Hong Kong, Asian stocks on flash sale as valuations slide as fast as during European debt crisis. The rebound may be swift

Yujing Liu

Hong Kong and Asian stocks are cheapening at the fastest rate in nine years as investors dump blue-chip companies in panic amid the global coronavirus pandemic. The rebound may be swift, going by history.

The average price-to-earning ratio of the Hang Seng Index fell to 9.5 times from 12 times over the past two months, the steepest pullback since August 2011, when the European sovereign debt crisis sparked a global stock market rout, Bloomberg data shows. The multiple for companies in the MSCI Asia ex-Japan Index dropped to 14 times from 17.5 times, reflecting the same speed of erosion in valuation.

The losses have accelerated as companies around the world cautioned about imminent dents to their sales and profits. In Hong Kong, it was preceded by anti-government protests and a technical recession through late last year. Firms ranging from carrier Cathay Pacific Airways to the rail operator MTR Corporation and the city’s largest developer Sun Hung Kai Properties have forecast a slide in earnings this year.

“The market is overselling and fearful,” said Ken Wong, client portfolio manager at Eastspring Investments in Hong Kong. “Looking at which markets are cheap and well below their fair value, Asian equity markets in particular look very attractive.”

Fears over the widening global spread of the coronavirus have triggered a global sell-off, handing investors their worst week since the global financial crisis. While the Hang Seng Index saw its worst weekly loss in more than two years, the slump in the broader Asia ex-Japan market was unmatched since the collapse of Lehman Brothers Holdings in 2008.

“A valuation crisis is playing out,” said Andy Wong, multi-asset senior investment manager at Pictet Asset Management. “Markets cannot properly price risk with fear and uncertainties taking hold.”

Capital markets will only be able to price in proper economic disruptions and turn away from undifferentiated panic selling when governments adopt strong, coordinated measures to contain the spreading virus, Wong said.

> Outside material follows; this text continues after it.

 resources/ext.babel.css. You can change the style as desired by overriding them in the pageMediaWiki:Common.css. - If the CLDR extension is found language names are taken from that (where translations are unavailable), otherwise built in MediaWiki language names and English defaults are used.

How passive investors are exacerbating stock market rout

Central banks and governments across the globe have started to roll out emergency measures to counter the economic impact of the pandemic. The Federal Reserve took emergency action on Sunday to slash its target interest rate to near zero and buy US$700 billion worth of Treasury bonds and mortgage-backed securities.

Hong Kong’s monetary authority on Monday followed the Fed to trim its key interest rate. China’s central bank acted on Friday to cut its key rate, a move that injected 550 billion yuan (US$78 billion) worth of liquidity into the financial system.

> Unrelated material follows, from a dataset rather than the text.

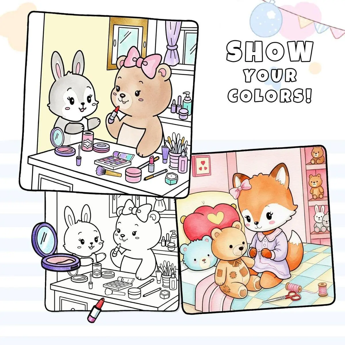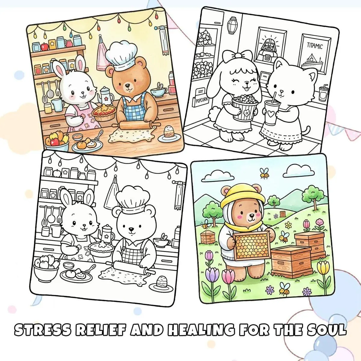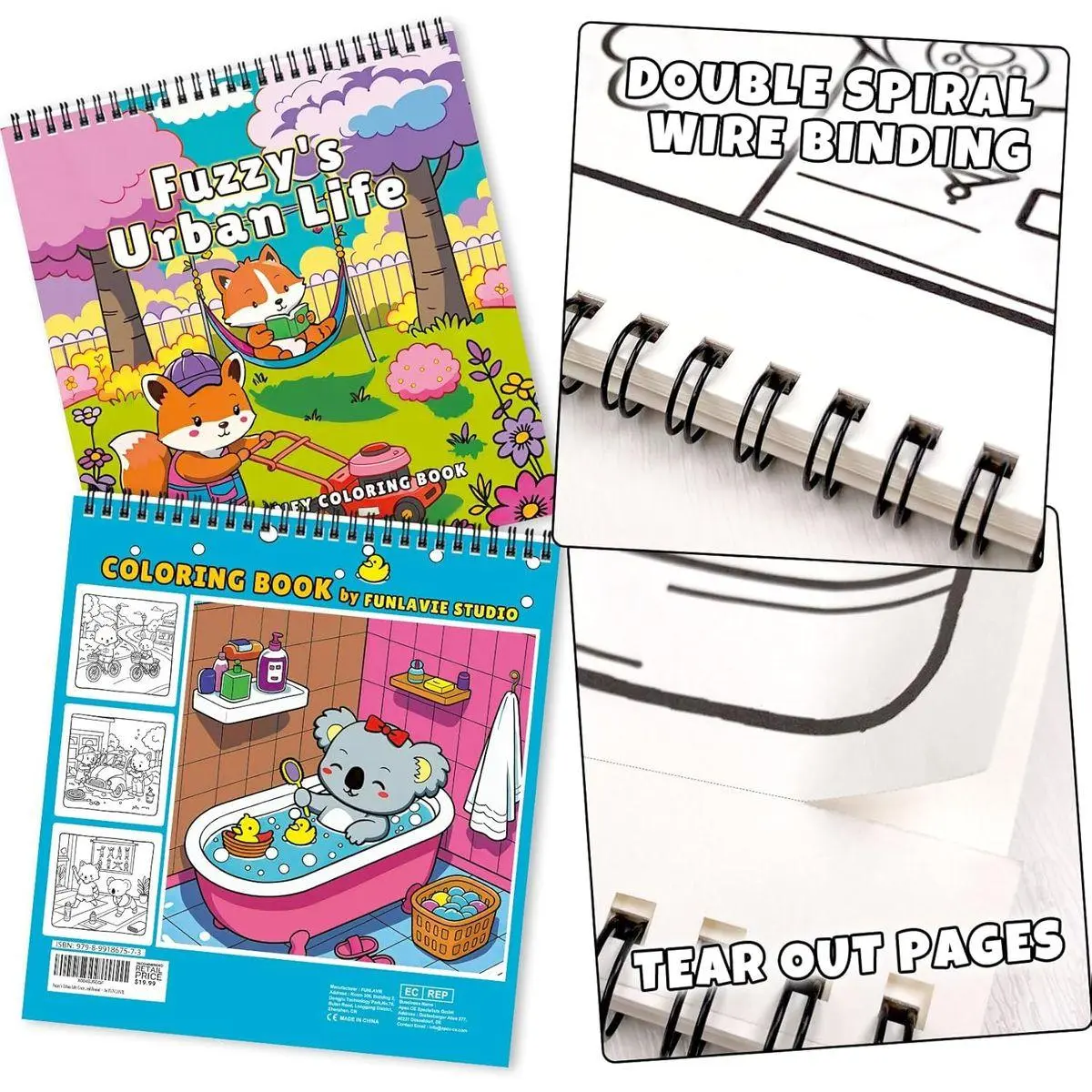 Cozy Coloring Book for Adults: Adorable Animal City Life Scenes Step into Fuzzy's cozy urban world—this adult coloring book features 32 heartwarming scenes of animals enjoying city life: rowing on lakes, flying in hot air balloons, having joyful picnics, picking coconuts, and more. With simple and soothing designs, it’s a perfect coloring book for adults to relax, de-stress, and spark creativity. This coloring book is a must-have for adult relaxation

Investors could take advantage of the beaten-down valuation levels to bottom fish and build up long-term investment positions, some analysts say.

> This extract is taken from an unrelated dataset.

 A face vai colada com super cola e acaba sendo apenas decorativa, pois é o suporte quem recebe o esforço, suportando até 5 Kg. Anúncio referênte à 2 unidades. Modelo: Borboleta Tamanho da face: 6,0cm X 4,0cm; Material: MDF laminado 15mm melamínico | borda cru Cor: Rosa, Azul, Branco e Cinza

The 2003 Sars (severe acute respiratory syndrome) outbreak, the previous public health care crisis, lasted about five months, according to the World Health Organisation. For stocks, it could be shorter. The last time Hong Kong and Asian stocks fell at this speed in 2011, it took them four months to return to their pre-crisis levels.

“We are close to the bottom, if not already [at the bottom],” said Kevin Leung, executive director for investment strategy at Haitong International Securities. He recommended internet stocks, companies related to the 5G mobile network development, and Chinese banks and insurers.

David Chao, global market strategist for Asia-Pacific at Invesco, sees opportunities emerging among risk assets including Chinese and US stocks, as he predicts a V-shaped recovery in the world’s two largest economies, helped by monetary easing and fiscal stimulus.

“For investors with longer term horizons, it makes sense to start sniffing out those bargains,” he said.